GIVEN INFORMATION:
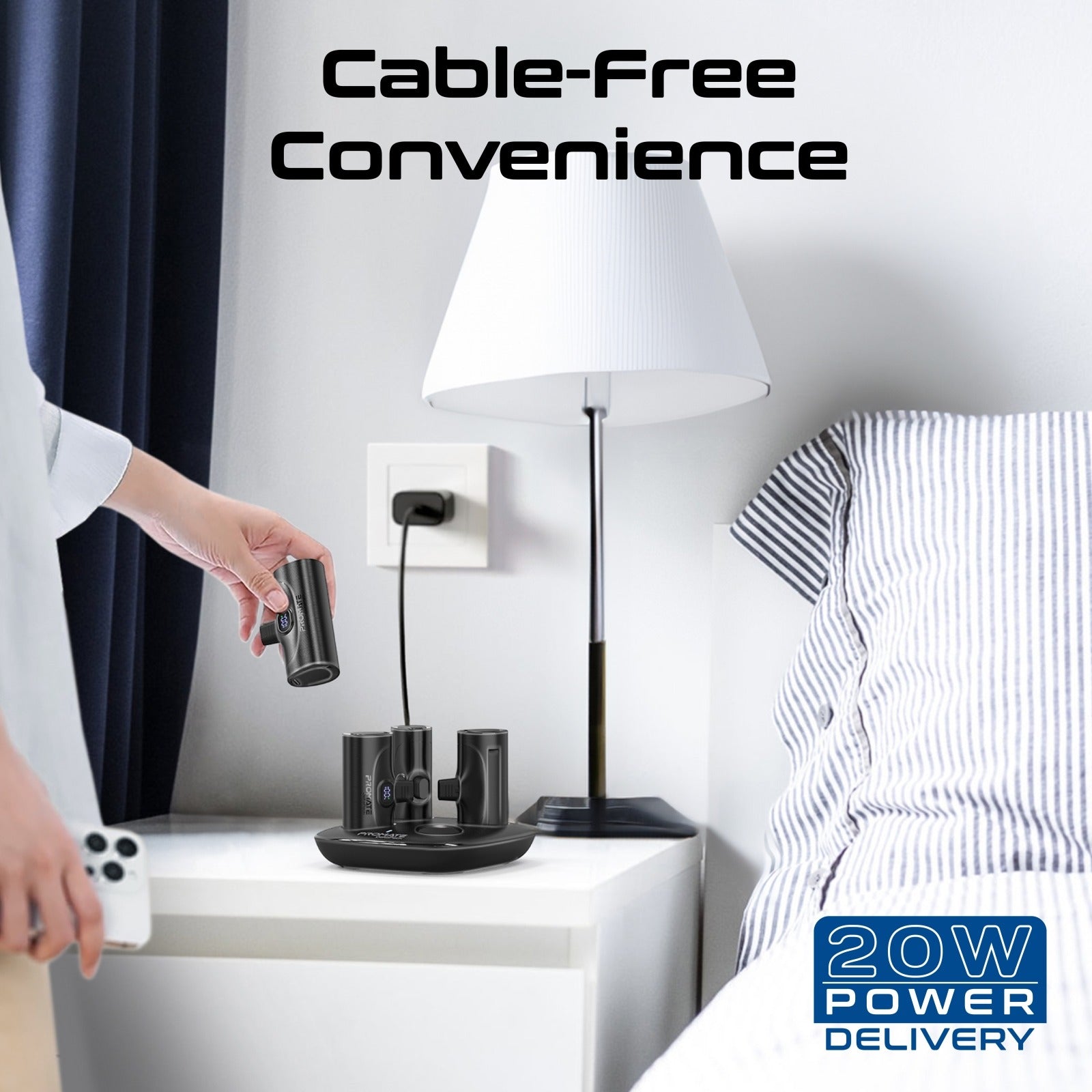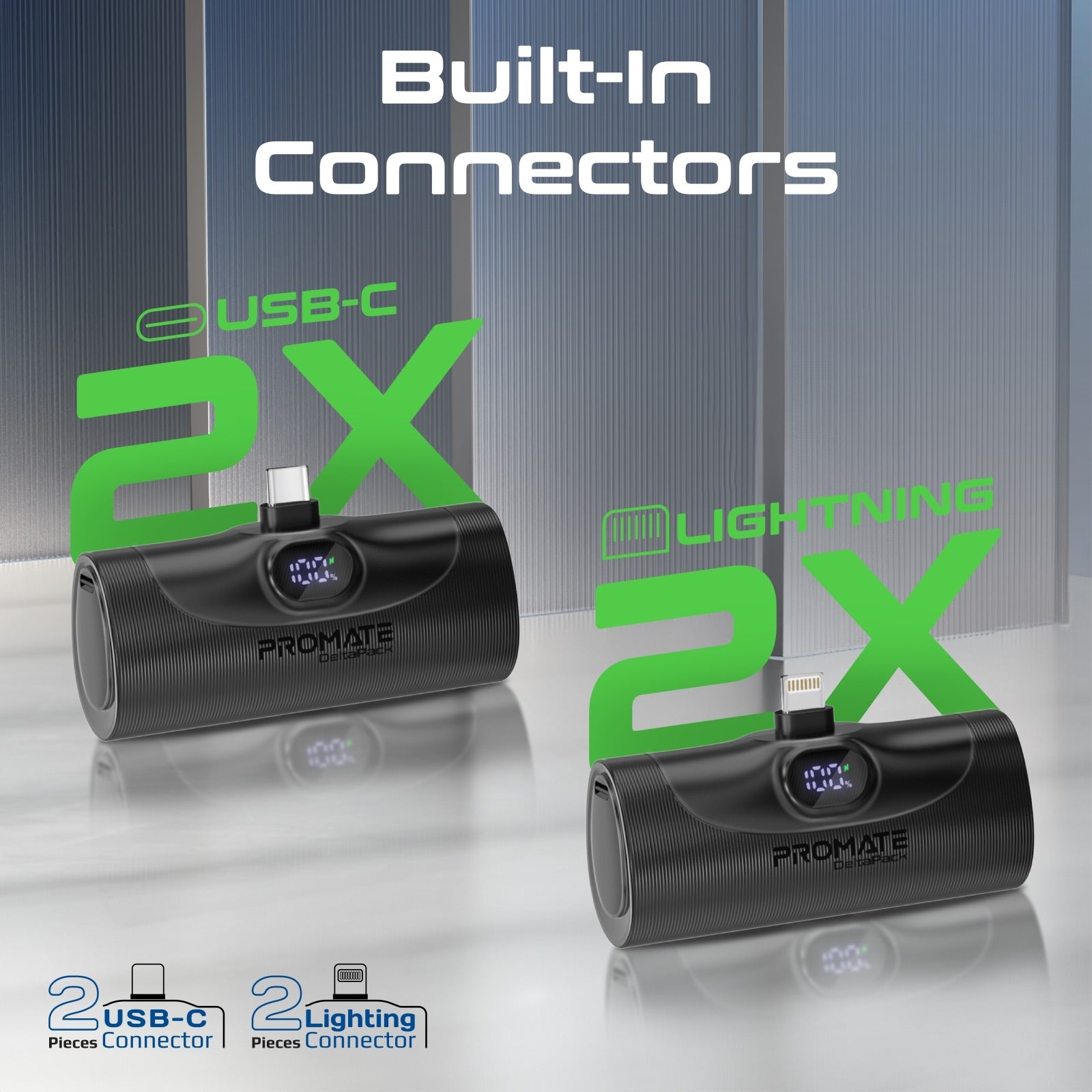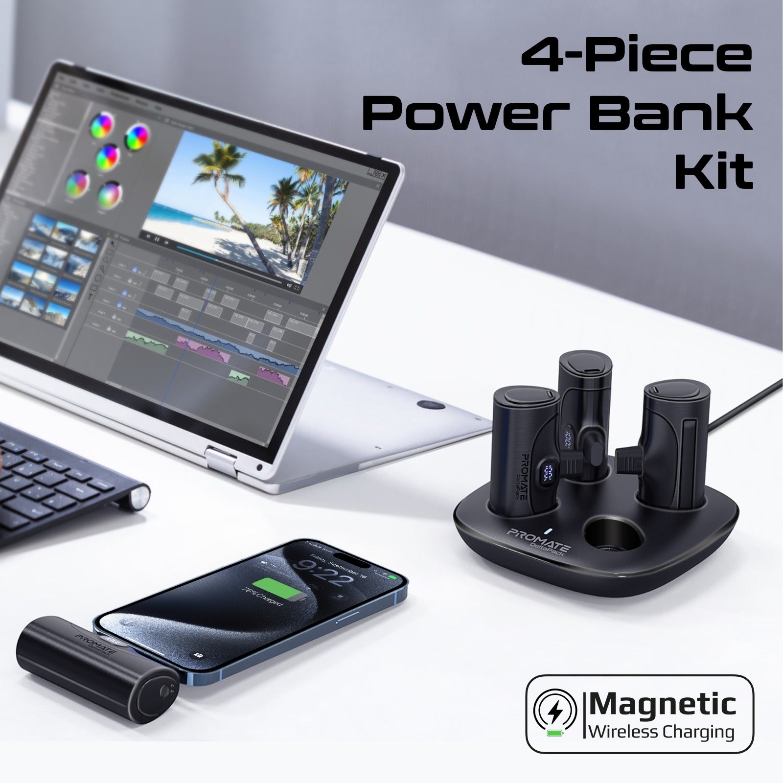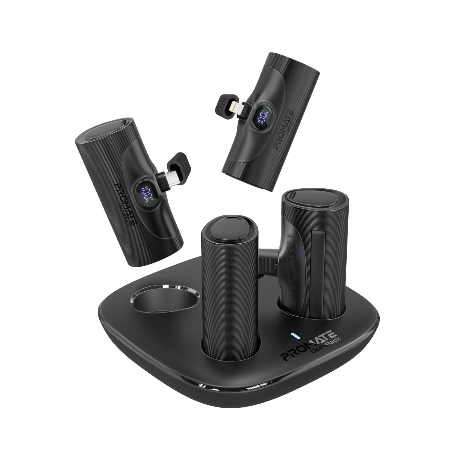 4-Piece Power Bank Kit: DeltaPack includes four compact and portable chargers and a sleek and stylish charging dock to power both Android and Apple iPhones with ease. Built-In Connectors: Forget the hassle of carrying extra cables as DeltaPack features 4 mini power banks with 2 each built-in USB-Cand Lightning Power Delivery connectors. Powerful Battery Capacity: DeltaPack boasts 4 individual 5000mAh lithium-ion backup battery packs, so you can keep your devices powered up, anywhere, anytime. Cable-Free Convenience: Say goodbye to tangled cables! This cordless charging kit allows you to plug and play without any hassle. The charging dock can conveniently charge the 4 mini power banks simultaneously US Multi Protect System: DeltaPack ensures safe and dependable charging, as it features over-charging and high-voltage protection. Light Bat Smart LED Screen: Featuring an LED screen, it will keep you informed on the Batt charge left on your DeltaPack power bank Pog Foldable Kickstand: Each of the stylish power banks also features a foldable kickstand, that offers stable charging as well enhanced viewing, for your USB Lightr smartphones. Ultra-Compact Design: Lightweight and portable enough to put in your pocket, place in your bag, or use on the go.
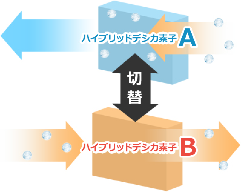 2つの「ヒートポンプデシカント」を連結させることで水の「吸着」と「放出」を交互に行います。
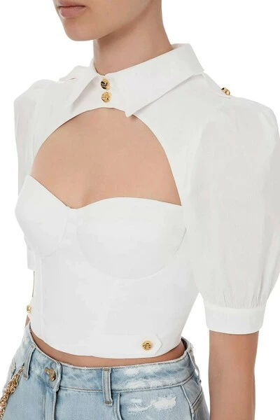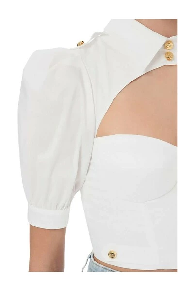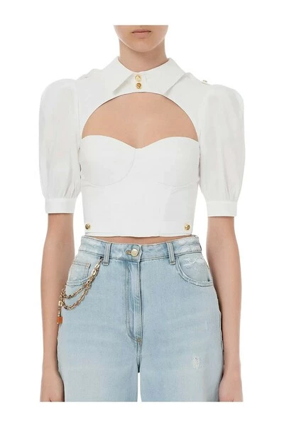 – Ottoman Taffeta Top – Man Kraag – Opening op de halslijn – Bustier -lijn met ers – Samenstelling: 100% polyester – Made in Italië
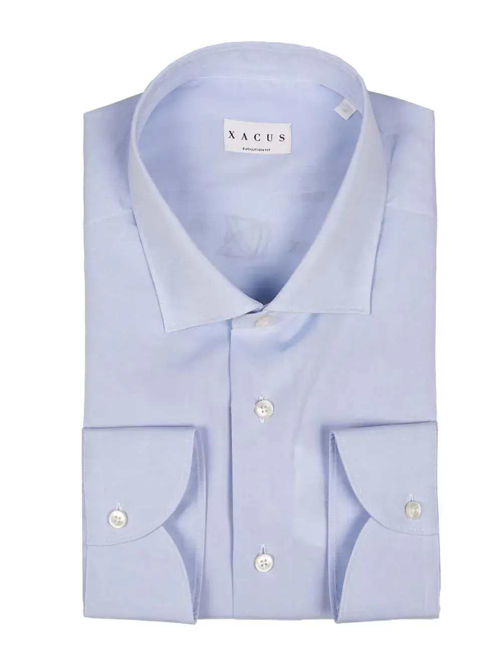 светло-голубая рубашка из хлопка с застежкой на пуговицы, длинными рукавами, манжетами на пуговицах и классическим воротником

TASK DIRECTIONS: Copy the line showing "Made in Italië" exactly, along with each line after it through the end of the material above. Pictures stay out.

RESPONSE AREA:
 – Ottoman Taffeta Top – Man Kraag – Opening op de halslijn – Bustier -lijn met ers – Samenstelling: 100% polyester – Made in Italië
 светло-голубая рубашка из хлопка с застежкой на пуговицы, длинными рукавами, манжетами на пуговицах и классическим воротником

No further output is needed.